ASSIGNED TASK:
Leaving out pictures, output exactly the lines below from the one that has "Halogenfreier Verdrahtungskanal inkl." through the one that has "Накопитель SSD AGi", and nothing else.

TASK MATERIAL:
:::::

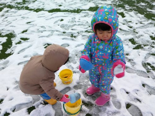 雪を見ると何だか嬉しくなってしまうのは、私だけでしょうか? ぃぇぃぇ。子どもも喜んでいましたよ♪ 6時半頃から降り出した雪は、瞬く間にオハナの人工芝を白く染めていきます。 これを見て、走り回りたくないわけがない!ですよね
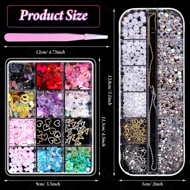 • What You Get: 2 boxes nail charms and rhinestones with tweezers. 1 box round flatback nail gems rhinestones and pearl nail charms. 1 box acrylic color flower bows nail charms and metal butterfly heart nail charms
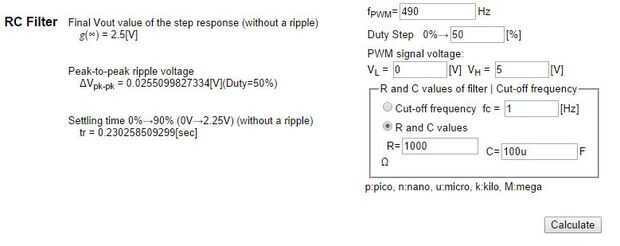 El filtro RC tiene dos valores que determinan cómo le modula la señal PWM: R, la resistencia en ohmios y C la capacitancia en faradios. Hay muchas herramientas en línea para explorar circuitos RC. Una que es útil es http://sim.okawa-denshi.jp/en/CRtool.php, desde el diseño electrónico de Okawa y fabricación en Japón.
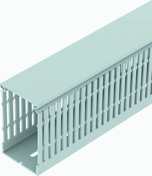 Halogenfreier Verdrahtungskanal inkl. Oberteil und Bodenlochung zur waagerechten und senkrechten Verlegung elektrischer Kabel und Leitungen im Schaltschrank. Mit doppelseitigen Klebeband am Kanalboden als Montagehilfe. Ausführung als metrischer Kanal. Das Ausbrechen der Stege erfolgt werkzeuglos. Sonderlängen auf Anfrage.
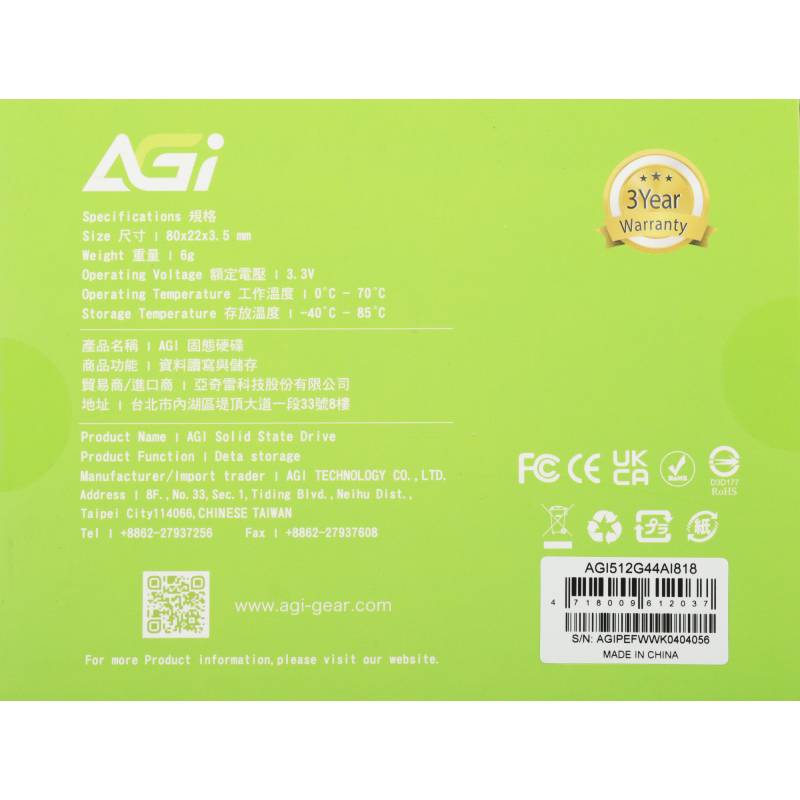 Накопитель SSD AGi PCIe 4.0 x4 512GB AGI512G44AI818 AI818 M.2 2280
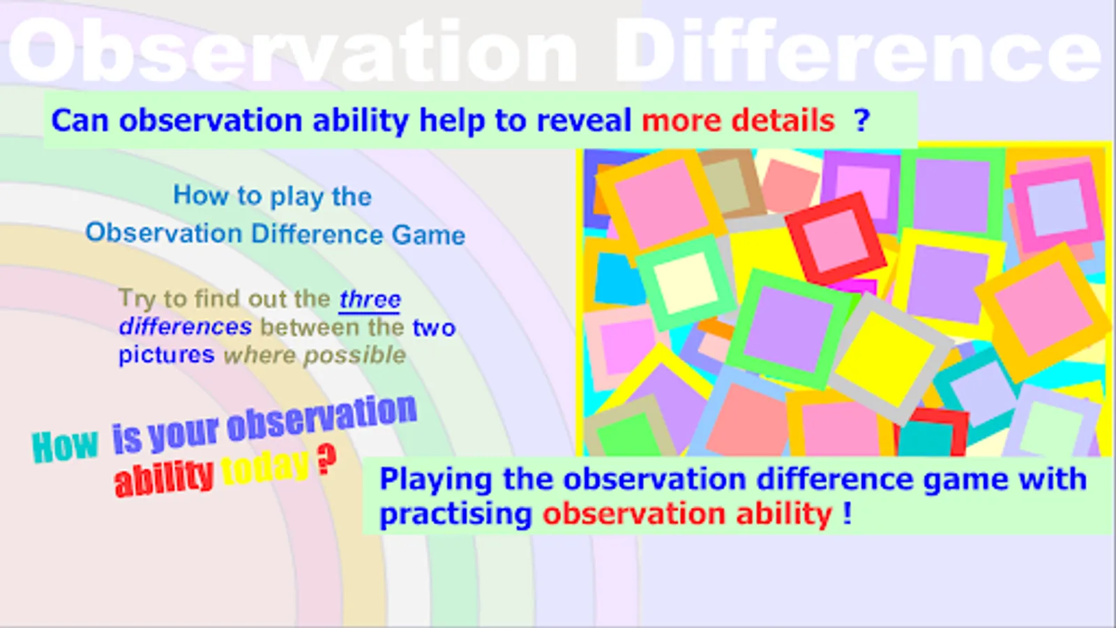 If this app can be kept in mobile or tablet, it may be helpful for practising OBSERVATION at convenient time and place where appropriately
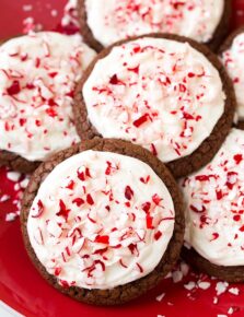 Brownie Peppermint Cookies are minty, sweet, rich with chocolate, and brimming with Christmas flavor! Using boxed brownie mix, these cookies are so easy to make and perfect for a holiday party or Christmas cookie exchange. Fudgy cookies have a light peppermint flavor, then topped with whipped vanilla cream frosting and crushed candy canes make for a fantastic Santa treat.

:::::

SOLUTION TO THIS EXERCISE:
 Halogenfreier Verdrahtungskanal inkl. Oberteil und Bodenlochung zur waagerechten und senkrechten Verlegung elektrischer Kabel und Leitungen im Schaltschrank. Mit doppelseitigen Klebeband am Kanalboden als Montagehilfe. Ausführung als metrischer Kanal. Das Ausbrechen der Stege erfolgt werkzeuglos. Sonderlängen auf Anfrage.
 Накопитель SSD AGi PCIe 4.0 x4 512GB AGI512G44AI818 AI818 M.2 2280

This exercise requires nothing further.